How can 90cows be tied on 13 pillars with an odd number on each pillars
Answers
Answer:
It can never be, it's impossible!
Concept used:
The sum of odd positive integers whose no. is also odd, is always odd.
Step-by-step explanation:
⇒ According to the question, each pillar should be tied with cows whose no. is odd each.
⇒ In respect to the concept given above, when considering any three pillars, the total no. of cows is an odd number. Like this, while considering five pillars, also here an odd number the total no. of cows. Thus, so is the total no. of cows in the all 13 pillars.
⇒ But it should be 90 cows as given in the question!!!
Method:
⇒ As odd numbers leave remainder 1 on division by 2, let the no. of cows in each pillar be 2a + 1, 2b + 1, 2c + 1, 2d + 1, 2e + 1, 2f + 1, 2g + 1, 2h + 1, 2i + 1, 2j + 1, 2k + 1, 2l + 1 and 2m + 1, for any whole numbers a, b, c, d, e, f, g, h, i, j, k, l, m.
⇒ Thus,
- 2a + 1 + 2b + 1 + 2c + 1 + 2d + 1 + 2e + 1 + 2f + 1 + 2g + 1 + 2h + 1 + 2i + 1 + 2j + 1 + 2k + 1 + 2l + 1 + 2m + 1 = 90
- 2a + 2b + 2c + 2d + 2e + 2f + 2g + 2h + 2i + 2j + 2k + 2l + 2m + 13 = 90
- 2(a + b + c + d + e + f + g + h + i + j + k + l + m) + 13 = 90
- 2(a + b + c + d + e + f + g + h + i + j + k + l + m) = 90 - 13
- 2(a + b + c + d + e + f + g + h + i + j + k + l + m) = 77
⇒ Here it contradicts that the LHS is even while the RHS is odd!!!

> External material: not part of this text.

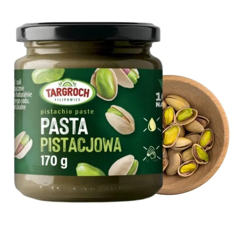 - Skład pasty pistacjowej: Pistacje łuskane prażone 100%. *W zakładzie pakowane są również: produkty zawierające gluten, orzeszki ziemne, soja, różne orzechy, sezam. Pomimo dołożenia wszelkich starań nie można w 100 % wykluczyć wystąpienia w produkcie tych surowców. *Olej na powierzchni produktu jest zjawiskiem naturalnym.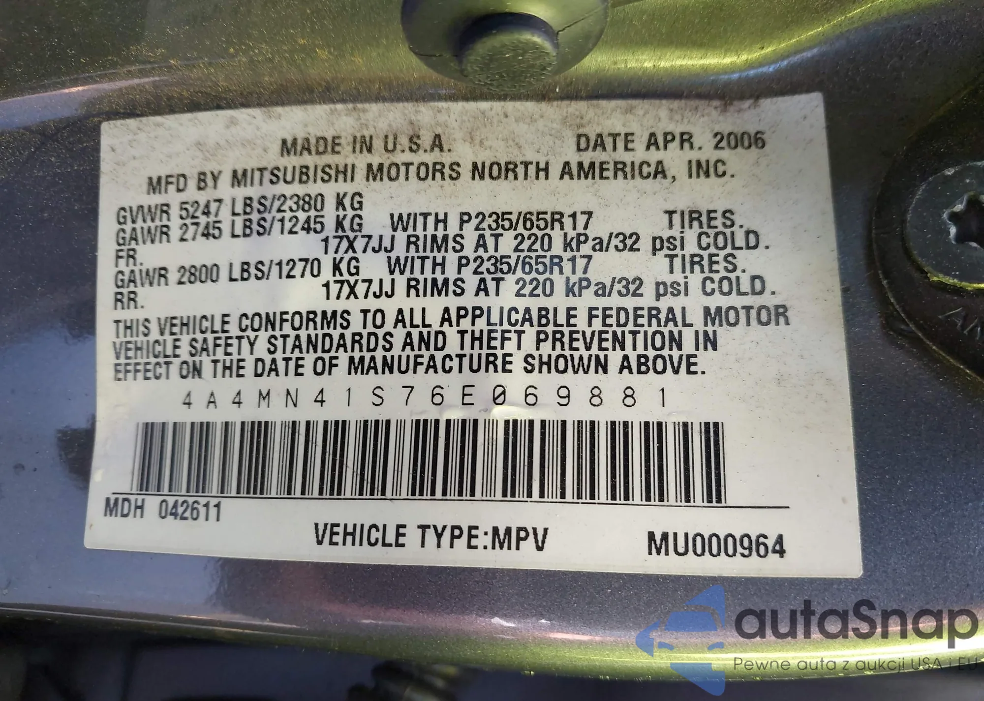 LOT: 43163211 VIN: 4A4MN41S76E069881

⇒ As the method continues,
- 2(a + b + c + d + e + f + g + h + i + j + k + l + m) = 77
- a + b + c + d + e + f + g + h + i + j + k + l + m = 77 / 2
- a + b + c + d + e + f + g + h + i + j + k + l + m = 38.5
⇒ Here, how a decimal number can be written as sum of some whole numbers???!!!